Dopo circa due anni da quel giorno, la Primatist è scesa in pista il 30 aprile e il 1° maggio 2021, sul circuito di alta velocità del Nardò Technical Center. Si è trattato di un grandissimo successo con ben 7 record mondiali F.I.A. nella Categoria VIII Classe 1 fino a 500 Kg e Classe 2 da 500 Kg a 1.000 Kg (era dal 2008 che non venivano registrati nuovi record sulla pista di Nardò). Qualche mese più tardi il cerchio si chiude con la presenza della monoposto alla prestigiosa Fiera Auto d'Epoca di Padova, l'esposizione del settore Veicoli Storici più importante d'Europa dopo quella di Essen, in Germania.  

Una cavalcata impegnativa ed emozionante che Aghem – insieme agli altri protagonisti del progetto – ha rivissuto alla presenza del pubblico, degli appassionati, dei rappresentanti dell’automobilismo sportivo, dell’ASI e dell’ACI.

Il percorso che ha portato alla nascita della “autovettura dei record” comincia nel 2016, quando Gianmaria Aghem decide di lavorare alla creazione di un veicolo unico, dotato di tecnologie all’avanguardia, traendo ispirazione dalla Z.E.R. – progettata nel 1994 da Eugenio Pagliano e costruita dalla Bertone. L'imprenditore impiega tre anni per la realizzazione del suo progetto, insieme agli specialisti della Carbonteam Srl di Saluzzo, della Podium Engineering Srl di Pont Saint Martin e con il supporto del Politecnico di Torino. Il pilota moncalierese si avvale anche della collaborazione dello stesso Pagliano e di professionisti con importanti esperienze nel mondo dell’automotive.

La nuova sfida

Oltre al passato, e alla celebrazione delle belle giornate di Nardò, si è discusso anche di futuro e dei nuovi ambiziosi obiettivi che il team Primatist vede già all'orizzonte: testare altre tecnologie rispettose dell’ambiente, prima tra tutte l’utilizzo dell’idrogeno e delle celle a combustibile. Al fine di “ripetere” quanto fatto con la monoposto elettrica, la ricerca dovrà occuparsi della miniaturizzazione di tutti i componenti, della loro razionale distribuzione all'interno del veicolo, lasciando inalterata la loro funzionalità. Ancora una volta l'obiettivo impatta contro una limitata disponibilità di risorse. L'atto finale, come già avvenuto per le batterie agli ioni di litio, è legato all’effettuazione di una serie di tentativi di record, per soddisfare la componente prettamente sportiva del team e per fornire una fondamentale certificazione qualitativa ai risultati raggiunti.

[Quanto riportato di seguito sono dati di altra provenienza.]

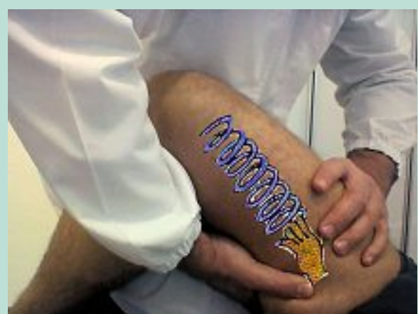
FIGURE 4 : Accomplissement de la manœuvre de la figure 3 : les structures musculo-aponévrotiques sont tendues.
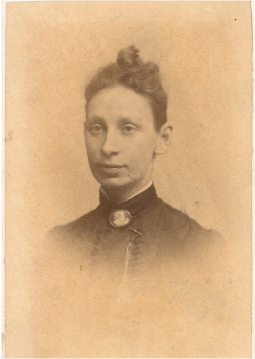
Sofia nyinflyttad till Riksbanken
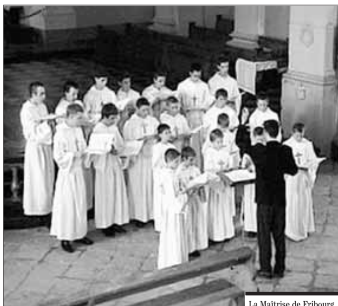
La Maîtrise de Fribourg.

Desidero ringraziare le persone che hanno mi hanno permesso di raggiungere risultati così importanti. Primi tra tutti la mia famiglia, che mi ha sostenuto e supportato anche questa ennesima sfida e le aziende coinvolte - ha detto Aghem -. Gli ingegneri progettisti e di pista, tutti i meccanici, i controllori F.I.A. ed i Cronometristi della Federazione Italiana. Il personale di ACI Sport che ha fornito la competenza necessaria per documentare e certificare questi risultati e vederli omologati dalla FIA. Il Nardò Technical Center con tutte le sue maestranze, per aver reso accessibile la pista più bella del mondo e fornito tutti i supporti indispensabili. E un grosso grazie all’ASI. È stata una grande avventura, a dir poco emozionante. Questa sera abbiamo voluto celebrare il percorso fatto, iniziato nel 2016. Un percorso con alti e bassi, pieno di ostacoli, ma che alla fine ha regalato a tutti noi dei risultati storici e incredibili. Adesso stiamo puntando un altro ambizioso obiettivo e, di conseguenza, nuovi record. L'idrogeno è una grande sfida e rappresenta una strada faticosa e in salita, ma noi ci proveremo”.